TASK BRIEF =>
Each record below gets repeated exactly, and pictures stay out of the copy.

SUPPLIED INFORMATION =>
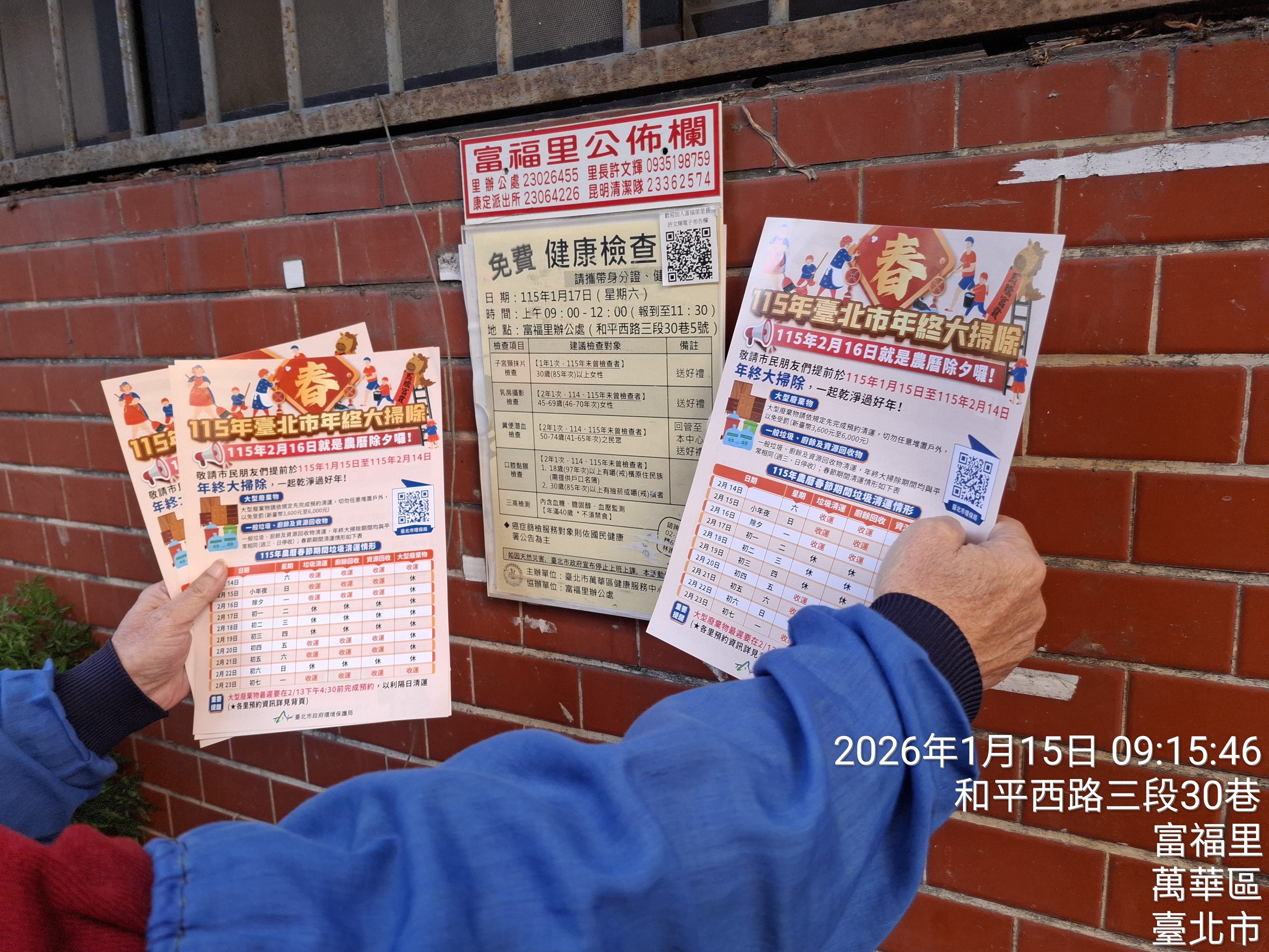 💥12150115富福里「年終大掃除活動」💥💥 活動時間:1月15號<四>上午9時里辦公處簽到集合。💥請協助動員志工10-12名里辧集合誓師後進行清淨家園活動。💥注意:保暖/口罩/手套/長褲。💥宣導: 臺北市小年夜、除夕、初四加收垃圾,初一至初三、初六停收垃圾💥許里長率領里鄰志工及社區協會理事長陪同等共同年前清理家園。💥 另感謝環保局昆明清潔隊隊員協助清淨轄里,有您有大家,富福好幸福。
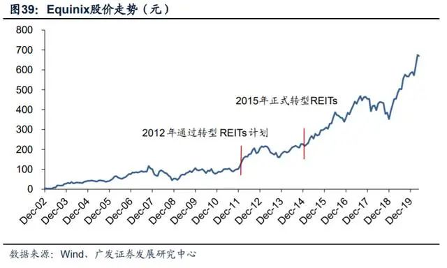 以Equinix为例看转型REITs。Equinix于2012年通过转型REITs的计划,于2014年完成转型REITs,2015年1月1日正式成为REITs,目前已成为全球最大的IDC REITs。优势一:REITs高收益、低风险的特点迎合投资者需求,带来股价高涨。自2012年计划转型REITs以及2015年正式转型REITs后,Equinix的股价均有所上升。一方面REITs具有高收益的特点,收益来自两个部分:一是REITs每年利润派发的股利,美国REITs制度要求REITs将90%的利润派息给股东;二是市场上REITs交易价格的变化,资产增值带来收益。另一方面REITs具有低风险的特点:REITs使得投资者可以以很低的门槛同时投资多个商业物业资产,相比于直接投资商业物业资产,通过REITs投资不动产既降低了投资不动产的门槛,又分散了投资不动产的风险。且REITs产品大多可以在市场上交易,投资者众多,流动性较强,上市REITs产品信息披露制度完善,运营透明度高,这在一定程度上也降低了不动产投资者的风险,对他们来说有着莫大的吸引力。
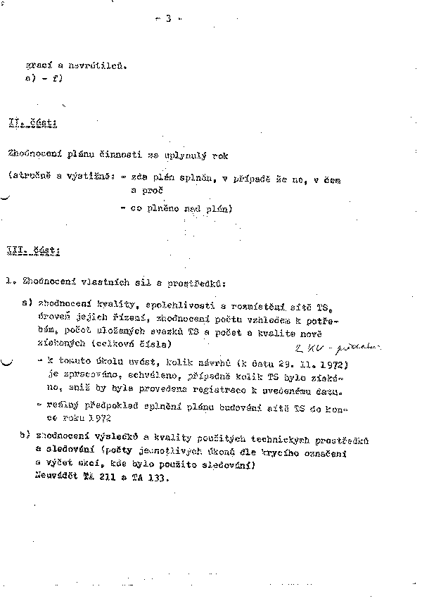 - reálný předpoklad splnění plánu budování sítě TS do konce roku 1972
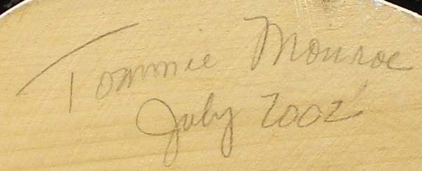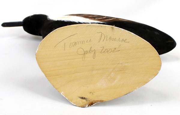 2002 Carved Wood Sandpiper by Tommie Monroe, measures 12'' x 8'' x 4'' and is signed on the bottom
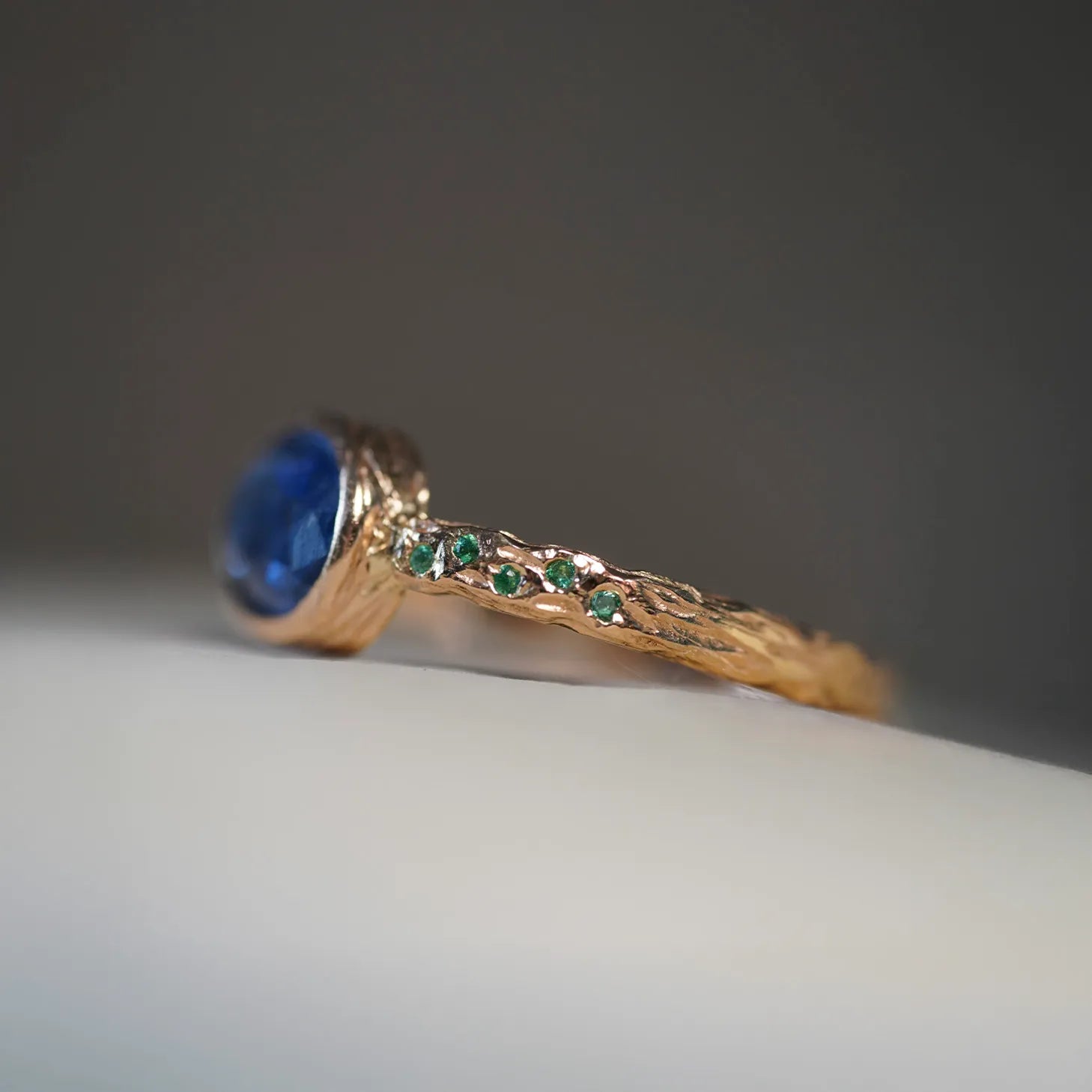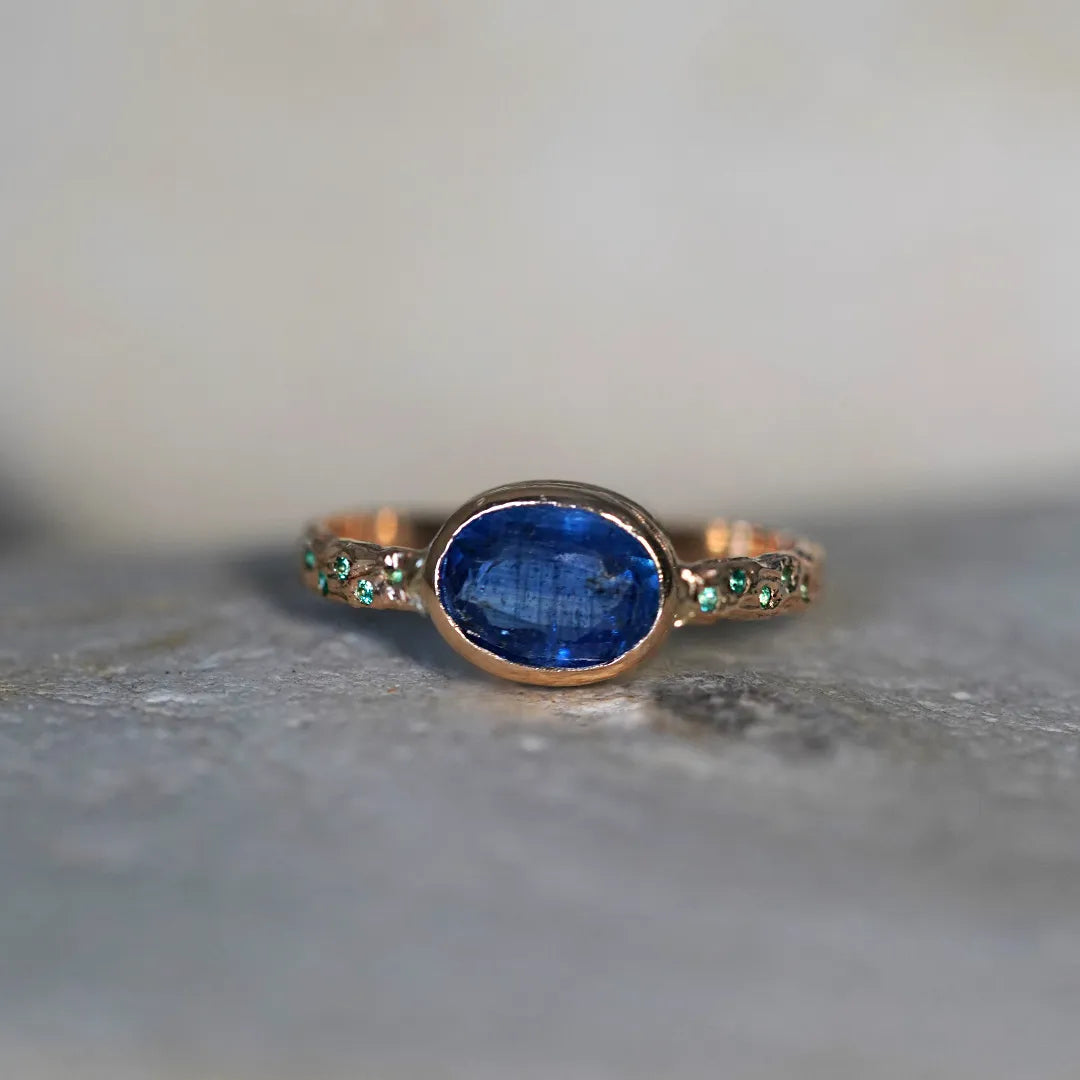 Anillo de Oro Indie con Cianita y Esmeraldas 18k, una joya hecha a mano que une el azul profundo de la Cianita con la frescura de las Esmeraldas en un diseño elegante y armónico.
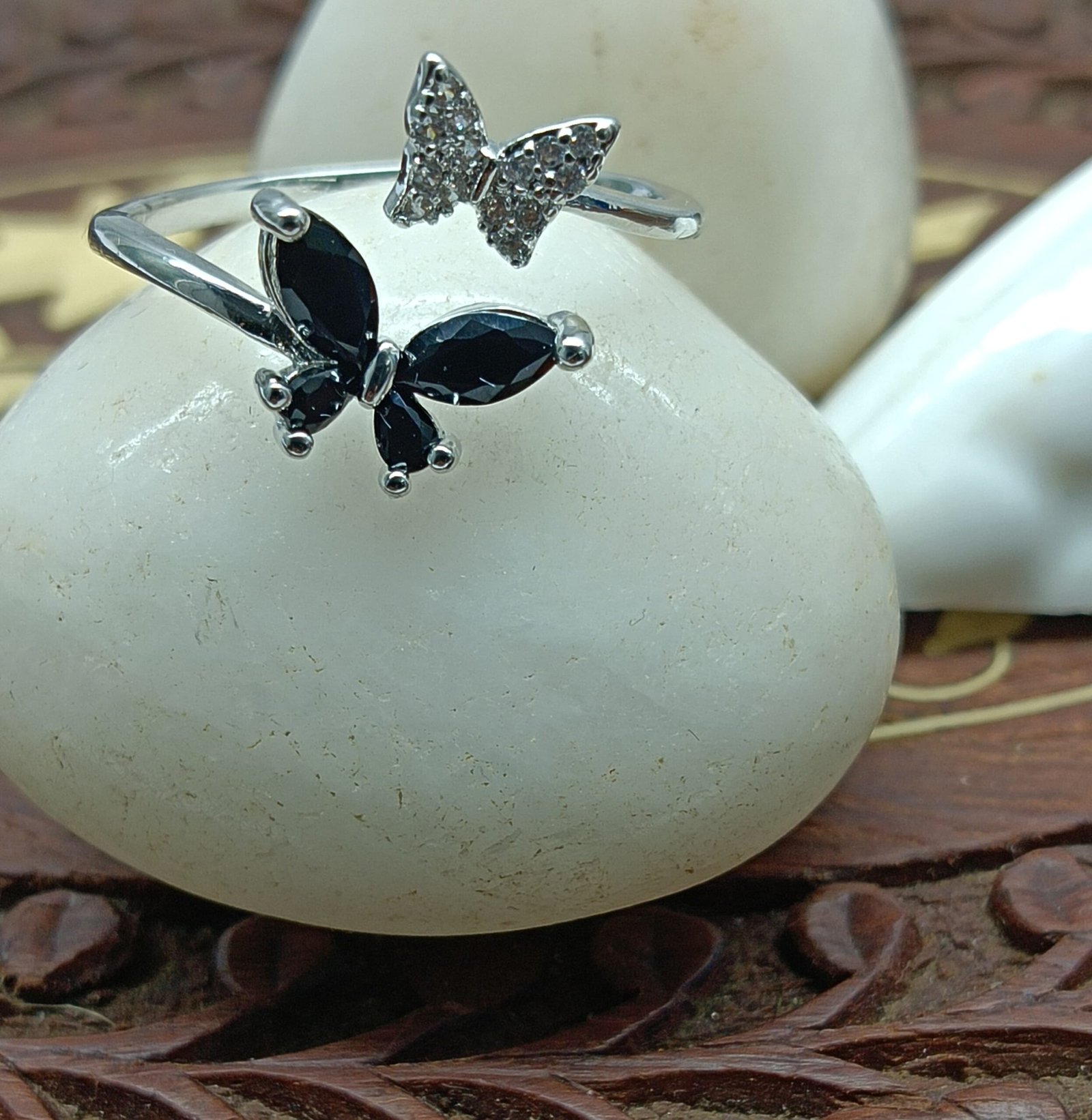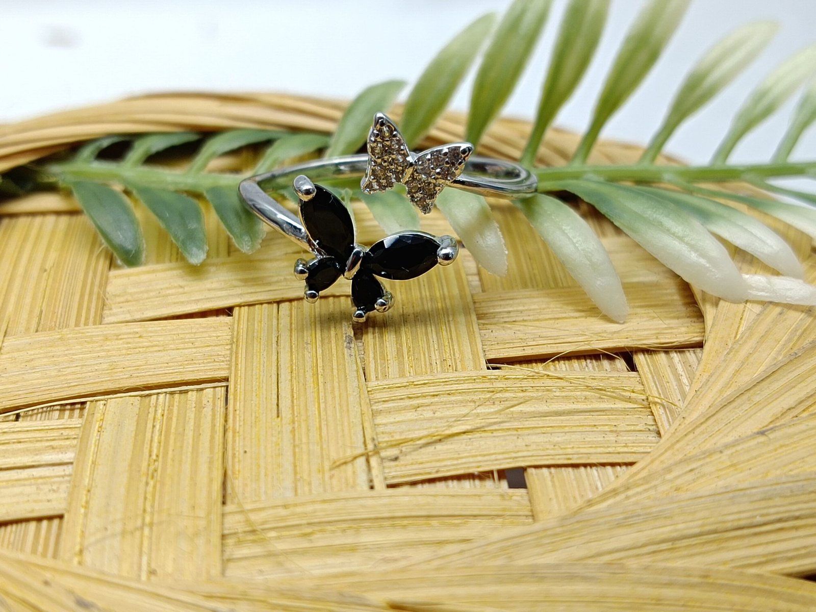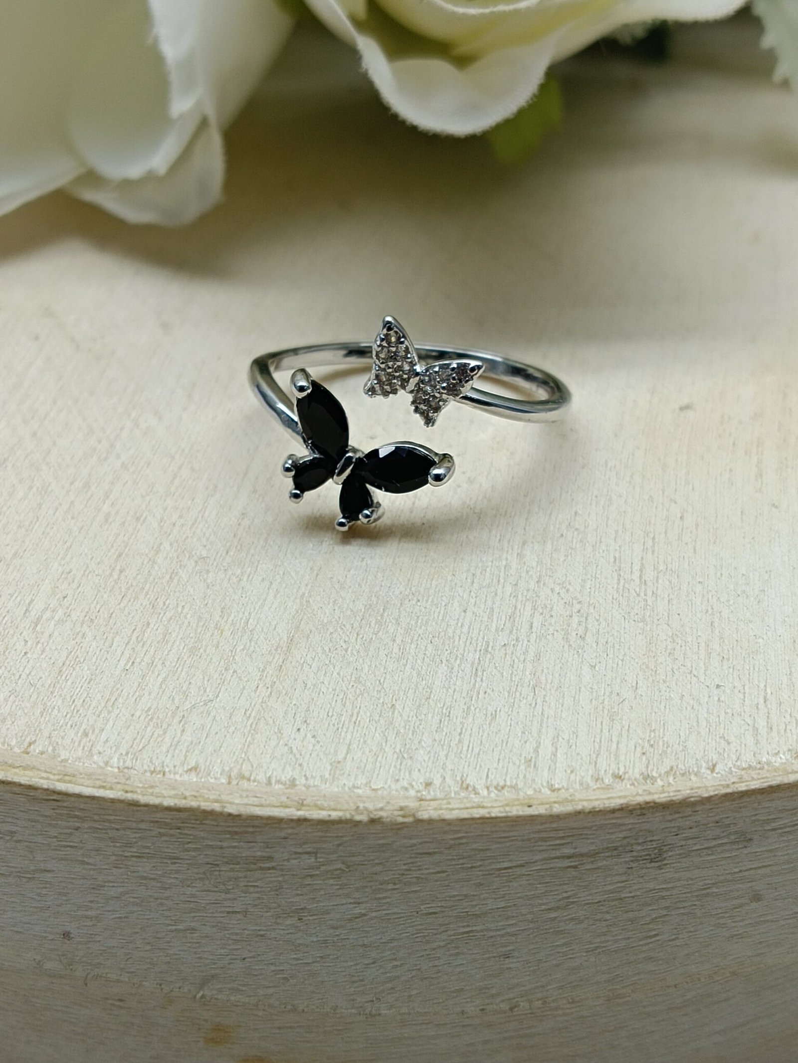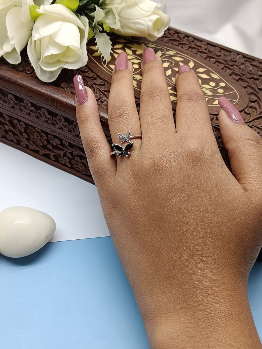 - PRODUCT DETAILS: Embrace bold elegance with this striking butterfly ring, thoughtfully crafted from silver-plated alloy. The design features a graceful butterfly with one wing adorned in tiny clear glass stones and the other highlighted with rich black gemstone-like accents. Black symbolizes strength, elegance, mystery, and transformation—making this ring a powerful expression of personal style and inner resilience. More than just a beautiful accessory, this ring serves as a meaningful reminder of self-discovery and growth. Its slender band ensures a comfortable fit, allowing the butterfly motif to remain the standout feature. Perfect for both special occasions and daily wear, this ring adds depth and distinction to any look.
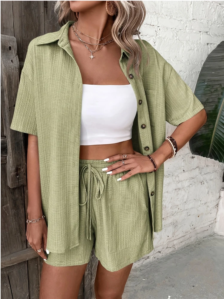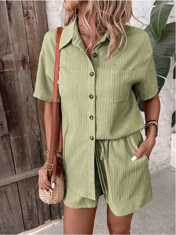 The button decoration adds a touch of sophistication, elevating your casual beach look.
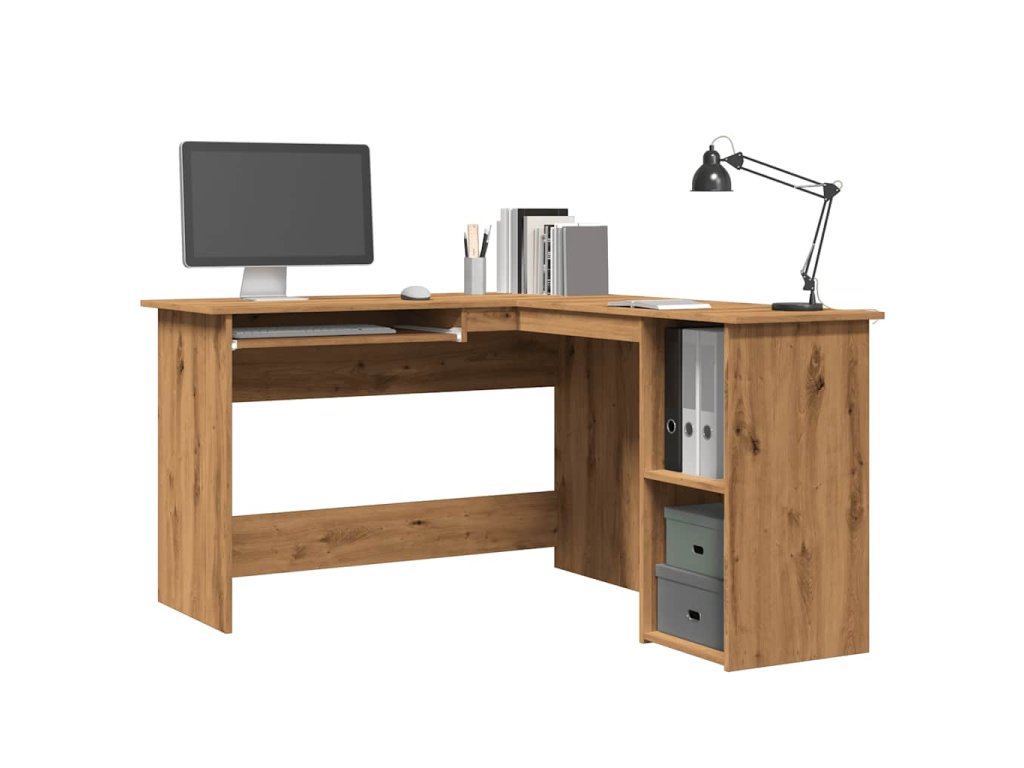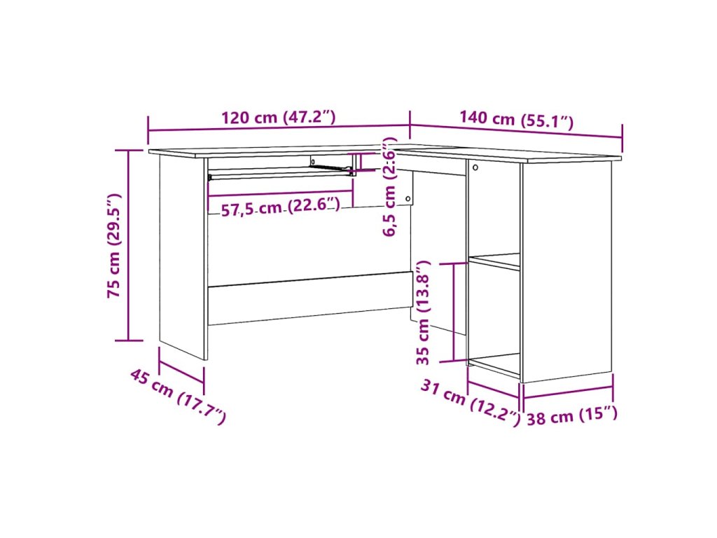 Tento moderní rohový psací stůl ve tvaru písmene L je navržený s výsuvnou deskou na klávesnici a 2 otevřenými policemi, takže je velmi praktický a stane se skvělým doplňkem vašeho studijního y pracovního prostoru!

SOLVED PROBLEM =>
 💥12150115富福里「年終大掃除活動」💥💥 活動時間:1月15號<四>上午9時里辦公處簽到集合。💥請協助動員志工10-12名里辧集合誓師後進行清淨家園活動。💥注意:保暖/口罩/手套/長褲。💥宣導: 臺北市小年夜、除夕、初四加收垃圾,初一至初三、初六停收垃圾💥許里長率領里鄰志工及社區協會理事長陪同等共同年前清理家園。💥 另感謝環保局昆明清潔隊隊員協助清淨轄里,有您有大家,富福好幸福。
 以Equinix为例看转型REITs。Equinix于2012年通过转型REITs的计划,于2014年完成转型REITs,2015年1月1日正式成为REITs,目前已成为全球最大的IDC REITs。优势一:REITs高收益、低风险的特点迎合投资者需求,带来股价高涨。自2012年计划转型REITs以及2015年正式转型REITs后,Equinix的股价均有所上升。一方面REITs具有高收益的特点,收益来自两个部分:一是REITs每年利润派发的股利,美国REITs制度要求REITs将90%的利润派息给股东;二是市场上REITs交易价格的变化,资产增值带来收益。另一方面REITs具有低风险的特点:REITs使得投资者可以以很低的门槛同时投资多个商业物业资产,相比于直接投资商业物业资产,通过REITs投资不动产既降低了投资不动产的门槛,又分散了投资不动产的风险。且REITs产品大多可以在市场上交易,投资者众多,流动性较强,上市REITs产品信息披露制度完善,运营透明度高,这在一定程度上也降低了不动产投资者的风险,对他们来说有着莫大的吸引力。
 - reálný předpoklad splnění plánu budování sítě TS do konce roku 1972
 2002 Carved Wood Sandpiper by Tommie Monroe, measures 12'' x 8'' x 4'' and is signed on the bottom
 Anillo de Oro Indie con Cianita y Esmeraldas 18k, una joya hecha a mano que une el azul profundo de la Cianita con la frescura de las Esmeraldas en un diseño elegante y armónico.
 - PRODUCT DETAILS: Embrace bold elegance with this striking butterfly ring, thoughtfully crafted from silver-plated alloy. The design features a graceful butterfly with one wing adorned in tiny clear glass stones and the other highlighted with rich black gemstone-like accents. Black symbolizes strength, elegance, mystery, and transformation—making this ring a powerful expression of personal style and inner resilience. More than just a beautiful accessory, this ring serves as a meaningful reminder of self-discovery and growth. Its slender band ensures a comfortable fit, allowing the butterfly motif to remain the standout feature. Perfect for both special occasions and daily wear, this ring adds depth and distinction to any look.
 The button decoration adds a touch of sophistication, elevating your casual beach look.
 Tento moderní rohový psací stůl ve tvaru písmene L je navržený s výsuvnou deskou na klávesnici a 2 otevřenými policemi, takže je velmi praktický a stane se skvělým doplňkem vašeho studijního y pracovního prostoru!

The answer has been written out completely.